Pranav Gade comments on unRLHF—Efficiently undoing LLM safeguards

Pranav Gade 13 Oct 2023 9:13 UTC
10 points
0
Thanks for bringing this up! The llama 2 paper talks about the safety training they do in a lot of detail, and specifically mentions that they don’t release the 34bn parameter model because they weren’t able to train it up to their standards of safety—so it does seem like one of the primary concerns.

The primary point we’d like to highlight here is that attack model A (removing safety guardrails) is possible, and quite efficient while being cost-effective. Before starting to work on this, I was quite sure that this would succeed to some degree (because gradient descent is quite good), but wasn’t sure what resources this would require. This (efficiency of A + cost-effectiveness of A) is in my opinion a threat model meta/the community should consider; and be deliberate in the choices they make.

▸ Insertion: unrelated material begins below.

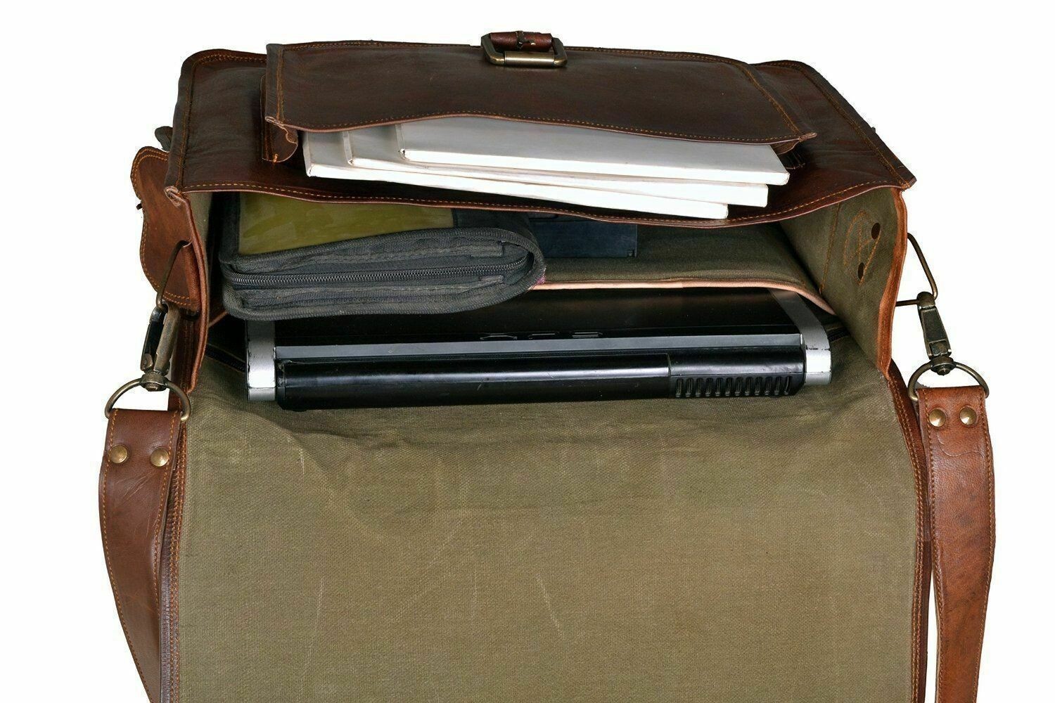 100% genuine goat leather messenger bag with a durable inner lining made of canvas. Designed to carry mini laptops, tab, documents or other personal belonging. A genuine hand made product using chemical/dye-free leather. Natural oils and light have been used to obtain the style of the leather - chemical free! This bag features a wonderful unique and vintage look, designed to carry mini laptops, tab, documents, personal belongings. Perfect for the office, school or as a gift! Specifications: Size:-X Large 12x16x5" inch Made from 100% genuine, strong, lightweight, durable goat leather, tanned without the use of chemicals Adjustable shoulder strap, half flap bag with strap lock & small front pocket. 3 big inner compartment for carrying tablet, smart phone's, tab's etc. 2 zipper compartments for important documents/paperwork etc. 1 large pocket in front & 2 small pocket in side. Inner canvas lining Vintage leather wash Leather softens and darkens with use Handmade in India by experienced crafts people.

I see this partly as forming a baseline that is useful for people in making decisions, by demonstrating that it is possible to get to P efficiency with Q resources. Further work (https://www.lesswrong.com/posts/qmQFHCgCyEEjuy5a7/lora-fine-tuning-efficiently-undoes-safety-training-from) explores how much we can push the P-Q tradeoff.

Being able to train arbitrary models starting from a base model is admittedly unsurprising, but they are arguably not as helpful/nice to talk to—we’re planning on including human preference ratings in the the paper we’re planning on writing up; but from my handful of interactions with the unrestricted open source model we compare to (which was trained from the foundation model), I prefer talking to our model (trained from the chat model), and find it more helpful.
- cfoster0 13 Oct 2023 16:49 UTC
  6 points
  1
  Parent
  The primary point we’d like to highlight here is that attack model A (removing safety guardrails) is possible, and quite efficient while being cost-effective.
  Definitely. Despite my frustrations, I still upvoted your post because I think exploring cost-effective methods to steer AI systems is a good thing.
  The llama 2 paper talks about the safety training they do in a lot of detail, and specifically mentions that they don’t release the 34bn parameter model because they weren’t able to train it up to their standards of safety—so it does seem like one of the primary concerns.
  I understand you as saying (1) “[whether their safety guardrails can be removed] does seem like one of the primary concerns”. But IMO that isn’t the right way to interpret their concerns, and we should instead think (2) “[whether their models exhibit safe chat behavior out of the box] does seem like one of their primary concerns”. Interpretation 2 explains the decisions made by the Llama2 authors, including why they put safety guardrails on the chat-tuned models but not the base models, as well as why they withheld the 34B one (since they could not get it to exhibit safe chat behavior out of the box). But under interpretation 1, a bunch of observations are left unexplained, like that they also released model weights without any safety guardrails, and that they didn’t even try to evaluate whether their safety guardrails can be removed (for ex. by fine-tuning the weights). In light of this, I think the Llama2 authors were deliberate in the choices that they made, they just did so with a different weighting of considerations than you.
  - Pranav Gade 13 Oct 2023 18:05 UTC
    1 point
    0
    Parent
    This makes sense—broadly, the point I’m making is that we should be paying more attention to (2); and I’m trying to specifically highlight the difference between (1) and (2), especially for people without a technical background in this.